* **Task description**
Only the pictures should be left out; write out all other data exactly.

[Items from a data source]
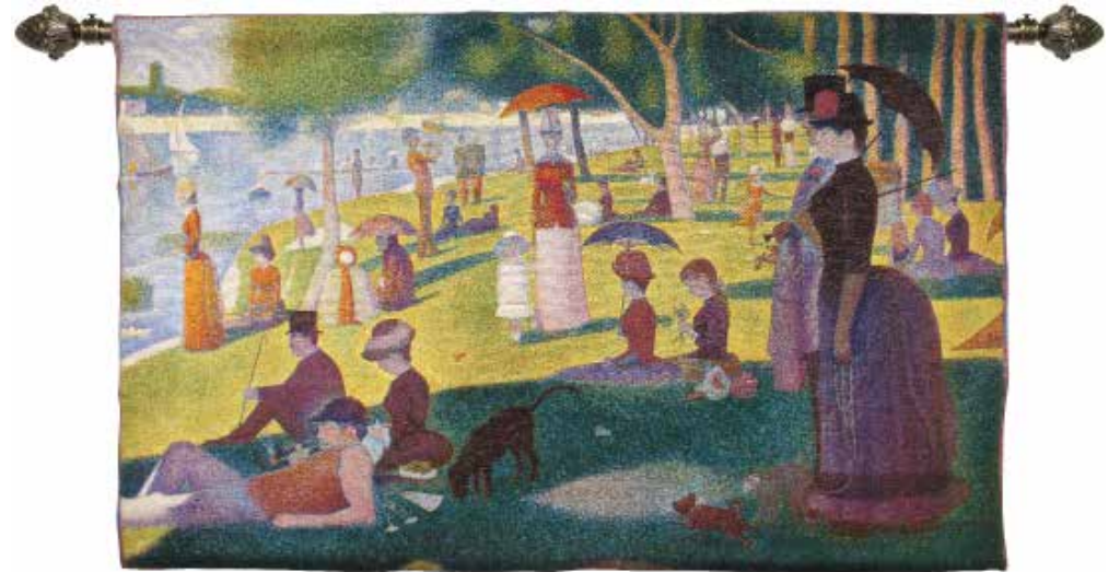
WH-GS-LGJ (173cm x 68cm) A Sunday Afternoon on the Island of La Grande Jatte

Georges Seurat (1859-1891, French Painter)
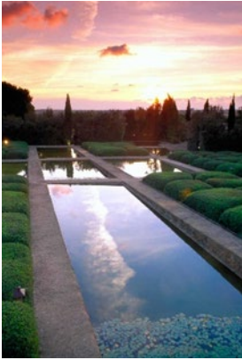
Camp Sarch. Menorca.
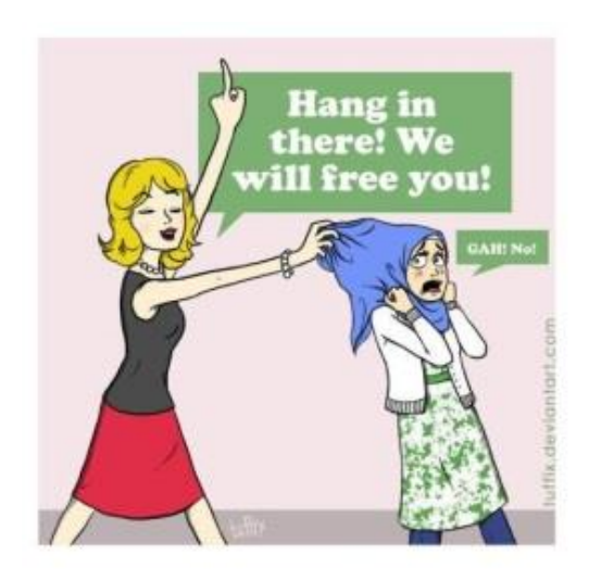
FIGURE C - 6.1 'WE WILL FREE YOU!'

Copyright: tuffix. Cartoon appeared on Facebook page of the women's group that were my participants)
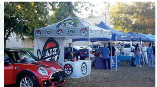
Ample exhibition space for vendors and sponsors adjacent to the crowd
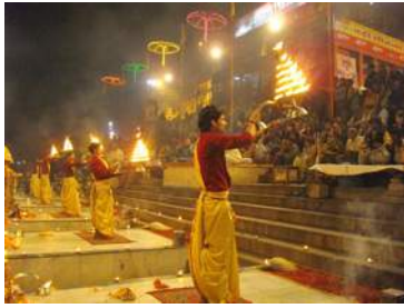
Ganga Aarti, Benares

It is essential to have your own travel insurance to protect your position and it is a condition of travel that you take out comprehensive cover for Medical (including repatriation), lost luggage, tour cancellations and any other potential losses. This helps ensure that any problems can be rapidly resolved.
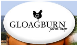
The Gloagburn Farm Shop and Café are a local business of high quality offering local produce as well as a café.

Tibbermore, PH1 1QL, Perth and Kinross, Scotland
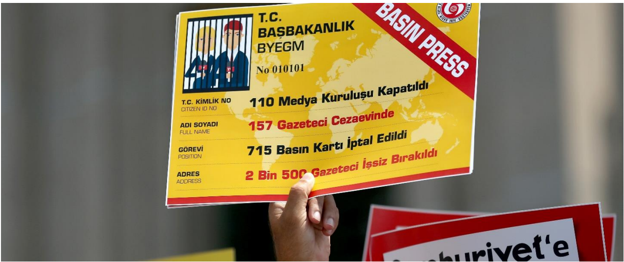
People hold symbolic press cards during a rally in front of the Istanbul Courthouse, July 28, 2017.
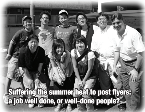
Suffering the summer heat to post flyers: a job well done, or well-done people?

We appreciated the effort of several Japanese Christian college students who braved the summer heat to pass out flyers for our Kids English Bee ( on front ).
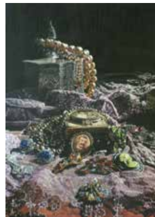
88. Eileen Nistler The Family Jewels Colored Pencil, 22" x 16" $4,000
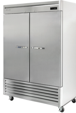
BSR49-HC / BSF49-HC
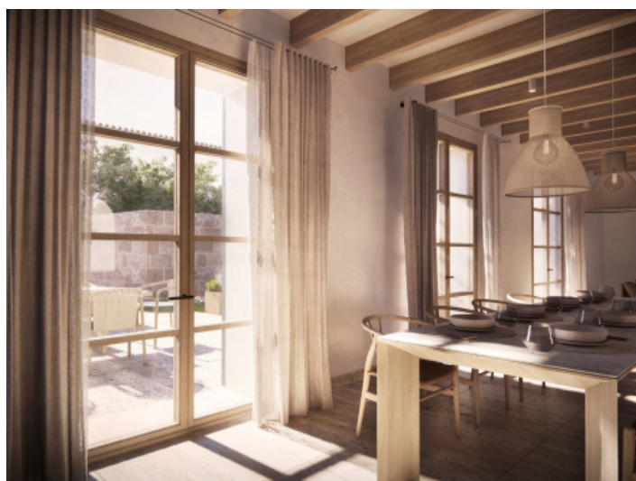
Direct terrace access
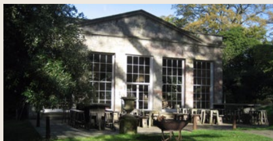
The Orangery at Combe House, Gittisham, East Devon, sensitively repaired and back in economic use.

The continued growth in the number of planning applications affecting historic parks and gardens shows that these historic assets are experiencing greater change than ever before. Schemes such as the transformation of Combe House and Grade II Registered gardens by a hotel chain shows that even in these complex historic assets, positive and sensitive change is possible.
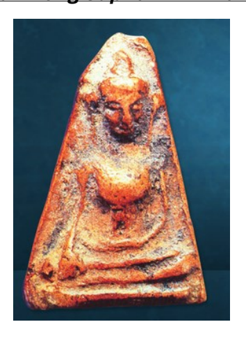
Phra Phong Suphan Pim Na Klang
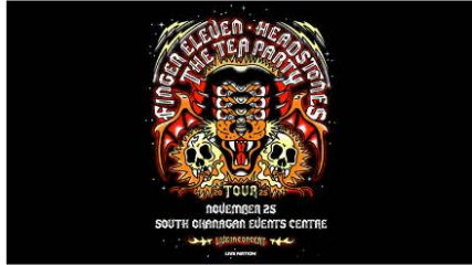
The Tea Party, Headstones & Finger Eleven | Nov 25
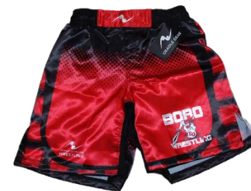
RED MMA SHORT
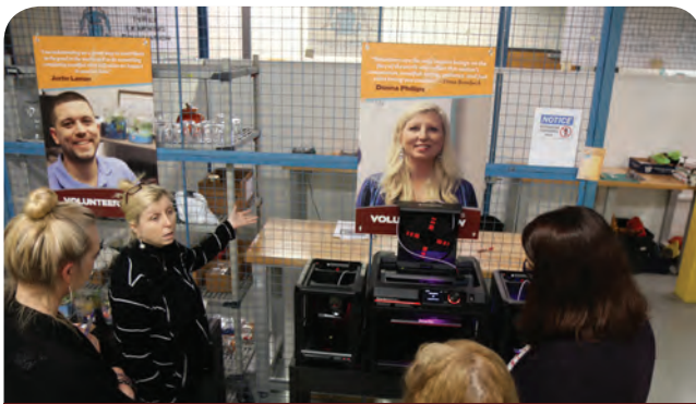
Eighteen employees have now received their 3D printing certificates.
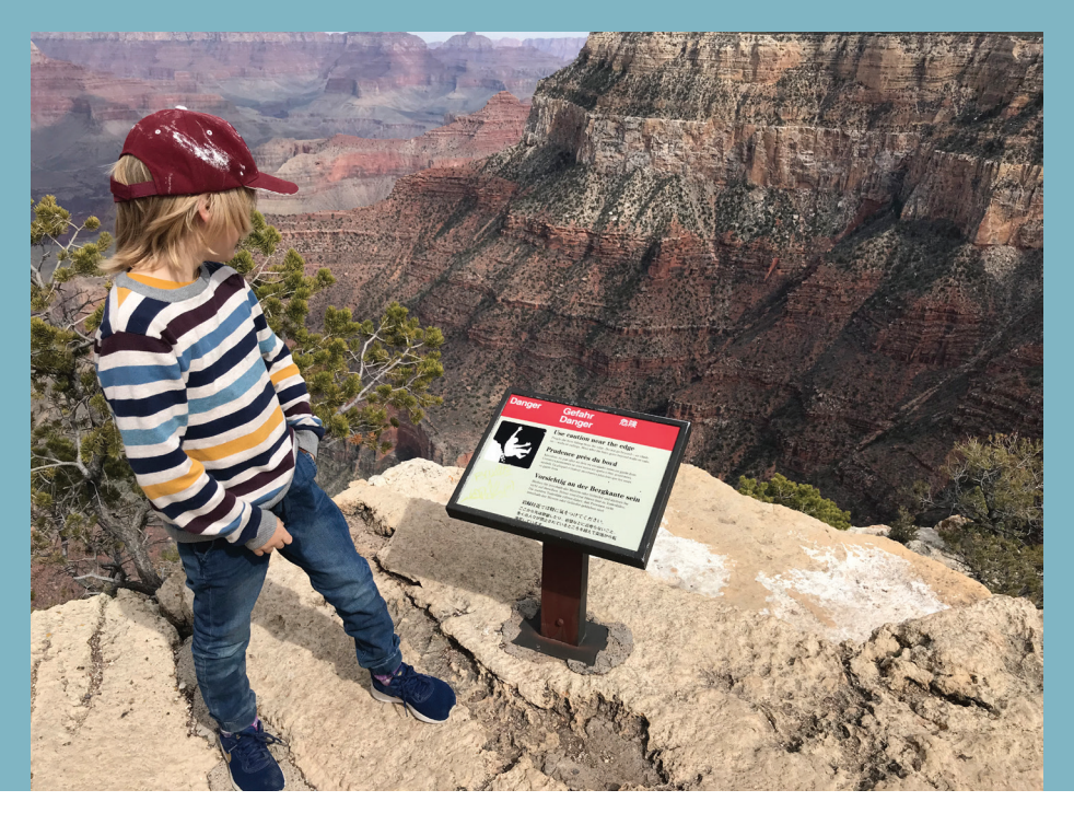
First author's son at South Rim of the Grand Canyon, 2019.

important as learning about volcanoes, geology, and conservation. But as is common for other family visits to free-choice settings, identities can, at times, be in conflict with one another. Even though the author was eager to assume more of an Explorer role, that desire was continually balanced with the needs of his young relatives and his desire to put the perceived interests of his family group first.
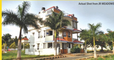
Actual Shot from JR MEADOWS
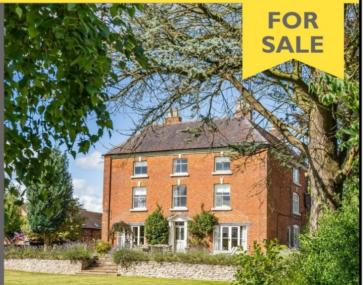
Aston Manor | Aston, Market Drayton Substantial period house with extensive gardens Guide Price £925,000

Interested? Contact Annabel or Kirsty from our property sales team on 01630 692 500 or email sales@barbers-rural.co.uk
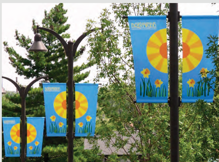
Seasonal City Banners

WindSAVER AND BannerMASTER BRACKETS INCLUDE ALL MATERIALS TO HANG ONE POLE BANNER. DOUBLE POLE OPTIONS AVAILABLE.
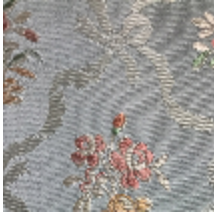
4017-04 LAMPAS ROMANCE - BLEU
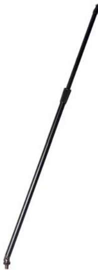
MSS8412 41-69" Shaft with 15° tilting lower shaft. 7/8" and 1-1/8" Steel Tubing
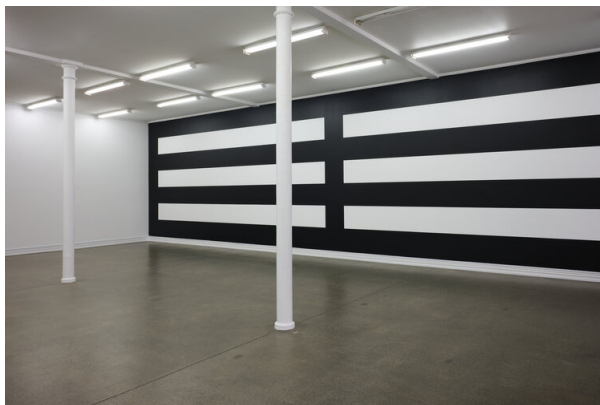
Jan van der Ploeg, The Other Window , installation view, Starkwhite
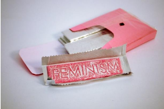
Alyssa Eustaquio, Keeping FEMINISM Fresh , 2013, Mint chewing gum, paper, plastic sleeve and Wrigley's foil chewing gum wrappers, 3 x 2.5 x .5 inches

Images ( click here to view and download)
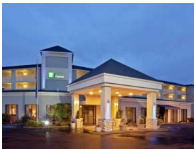
Holiday Inn Express
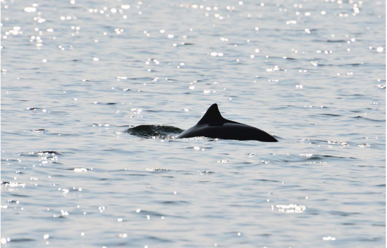
Harbour porpoise near Middelfart.
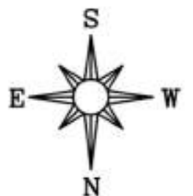
4th PODIUM FOOR PLAN
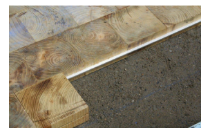
1½" x 4 x 4 black locust with aluminum spine on gravel.

Sizes: Pavers can be cut to most any thickness. We recommend they be 3" to 4" in depth, with minimum of 1½". Standard face sizes: 4" x 4", 4" x 6". Other sizes include: 4" x 8", 4" x 10", 6" x 6". Custom face sizes on request.
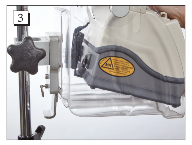
Step 3. Tilt the pump slightly towards you when inserting into the locking mount.
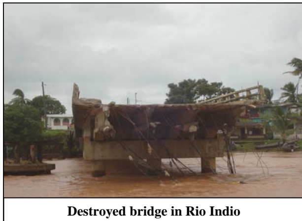
Destroyed bridge in Rio Indio

The Red Cross Society of Panama has been involved in this emergency in the provinces of Colón, Coclé and Panama.
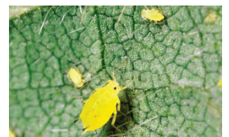
Figure 16. Aphid feeding on soybean leaf.
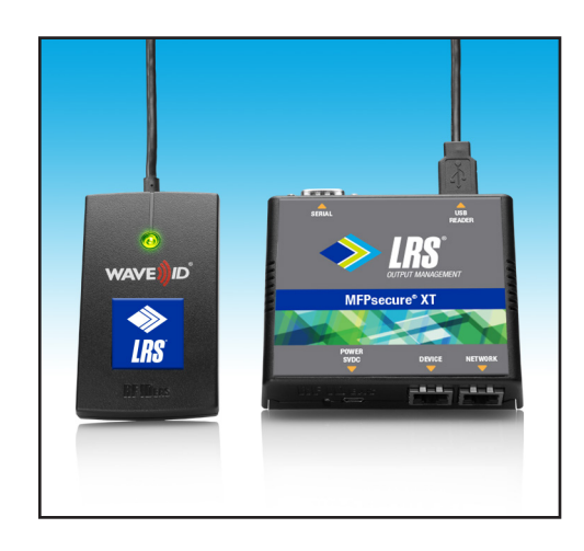
MFPsecure XT badge reader and network interface card

To securely retrieve documents at an MFPsecure XT-connected printer, a user simply taps an access badge on the proximity badge reader. All of the user's queued documents are released at once from the secure LRS server queue to the printer.
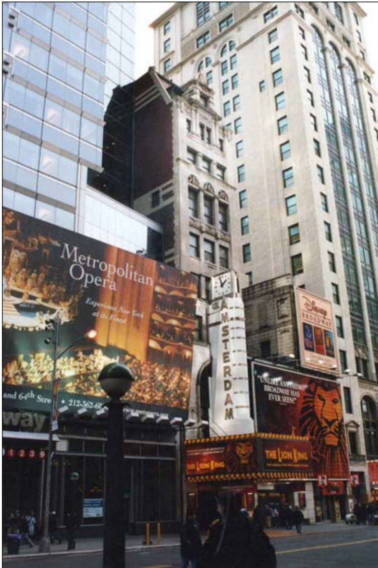
New Amsterdam Theater, 214 West 42nd Street. 4 View southwest on West 42nd Street
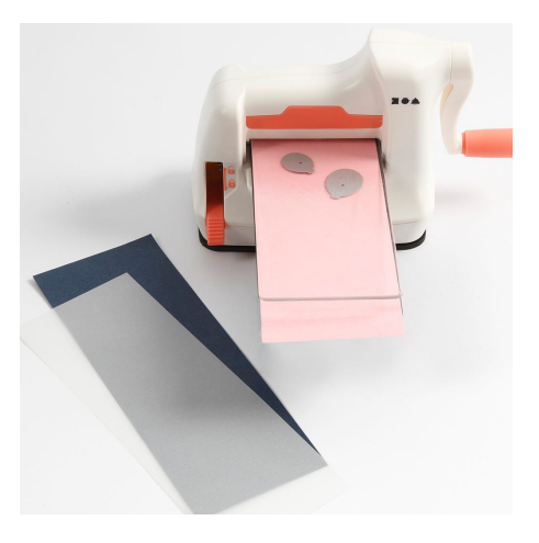
3 For punching out a card balloon; Use cutting plate C underneath + card + die + base plate B on top.
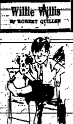
Willie Willis Mayor of Twin Falls

REGAL MOVEMENT SEEKS REMOVAL OF MAYOR AND COUNCIL Former City Office Figures In Officials' Information As Leader In Movement; Six Grounds For Complaint

* **Expected output**
WH-GS-LGJ (173cm x 68cm) A Sunday Afternoon on the Island of La Grande Jatte

Georges Seurat (1859-1891, French Painter)
Camp Sarch. Menorca.
FIGURE C - 6.1 'WE WILL FREE YOU!'

Copyright: tuffix. Cartoon appeared on Facebook page of the women's group that were my participants)
Ample exhibition space for vendors and sponsors adjacent to the crowd
Ganga Aarti, Benares

It is essential to have your own travel insurance to protect your position and it is a condition of travel that you take out comprehensive cover for Medical (including repatriation), lost luggage, tour cancellations and any other potential losses. This helps ensure that any problems can be rapidly resolved.
The Gloagburn Farm Shop and Café are a local business of high quality offering local produce as well as a café.

Tibbermore, PH1 1QL, Perth and Kinross, Scotland
People hold symbolic press cards during a rally in front of the Istanbul Courthouse, July 28, 2017.
Suffering the summer heat to post flyers: a job well done, or well-done people?

We appreciated the effort of several Japanese Christian college students who braved the summer heat to pass out flyers for our Kids English Bee ( on front ).
88. Eileen Nistler The Family Jewels Colored Pencil, 22" x 16" $4,000
BSR49-HC / BSF49-HC
Direct terrace access
The Orangery at Combe House, Gittisham, East Devon, sensitively repaired and back in economic use.

The continued growth in the number of planning applications affecting historic parks and gardens shows that these historic assets are experiencing greater change than ever before. Schemes such as the transformation of Combe House and Grade II Registered gardens by a hotel chain shows that even in these complex historic assets, positive and sensitive change is possible.
Phra Phong Suphan Pim Na Klang
The Tea Party, Headstones & Finger Eleven | Nov 25
RED MMA SHORT
Eighteen employees have now received their 3D printing certificates.
First author's son at South Rim of the Grand Canyon, 2019.

important as learning about volcanoes, geology, and conservation. But as is common for other family visits to free-choice settings, identities can, at times, be in conflict with one another. Even though the author was eager to assume more of an Explorer role, that desire was continually balanced with the needs of his young relatives and his desire to put the perceived interests of his family group first.
Actual Shot from JR MEADOWS
Aston Manor | Aston, Market Drayton Substantial period house with extensive gardens Guide Price £925,000

Interested? Contact Annabel or Kirsty from our property sales team on 01630 692 500 or email sales@barbers-rural.co.uk
Seasonal City Banners

WindSAVER AND BannerMASTER BRACKETS INCLUDE ALL MATERIALS TO HANG ONE POLE BANNER. DOUBLE POLE OPTIONS AVAILABLE.
4017-04 LAMPAS ROMANCE - BLEU
MSS8412 41-69" Shaft with 15° tilting lower shaft. 7/8" and 1-1/8" Steel Tubing
Jan van der Ploeg, The Other Window , installation view, Starkwhite
Alyssa Eustaquio, Keeping FEMINISM Fresh , 2013, Mint chewing gum, paper, plastic sleeve and Wrigley's foil chewing gum wrappers, 3 x 2.5 x .5 inches

Images ( click here to view and download)
Holiday Inn Express
Harbour porpoise near Middelfart.
4th PODIUM FOOR PLAN
1½" x 4 x 4 black locust with aluminum spine on gravel.

Sizes: Pavers can be cut to most any thickness. We recommend they be 3" to 4" in depth, with minimum of 1½". Standard face sizes: 4" x 4", 4" x 6". Other sizes include: 4" x 8", 4" x 10", 6" x 6". Custom face sizes on request.
Step 3. Tilt the pump slightly towards you when inserting into the locking mount.
Destroyed bridge in Rio Indio

The Red Cross Society of Panama has been involved in this emergency in the provinces of Colón, Coclé and Panama.
Figure 16. Aphid feeding on soybean leaf.
MFPsecure XT badge reader and network interface card

To securely retrieve documents at an MFPsecure XT-connected printer, a user simply taps an access badge on the proximity badge reader. All of the user's queued documents are released at once from the secure LRS server queue to the printer.
New Amsterdam Theater, 214 West 42nd Street. 4 View southwest on West 42nd Street
3 For punching out a card balloon; Use cutting plate C underneath + card + die + base plate B on top.
Willie Willis Mayor of Twin Falls

REGAL MOVEMENT SEEKS REMOVAL OF MAYOR AND COUNCIL Former City Office Figures In Officials' Information As Leader In Movement; Six Grounds For Complaint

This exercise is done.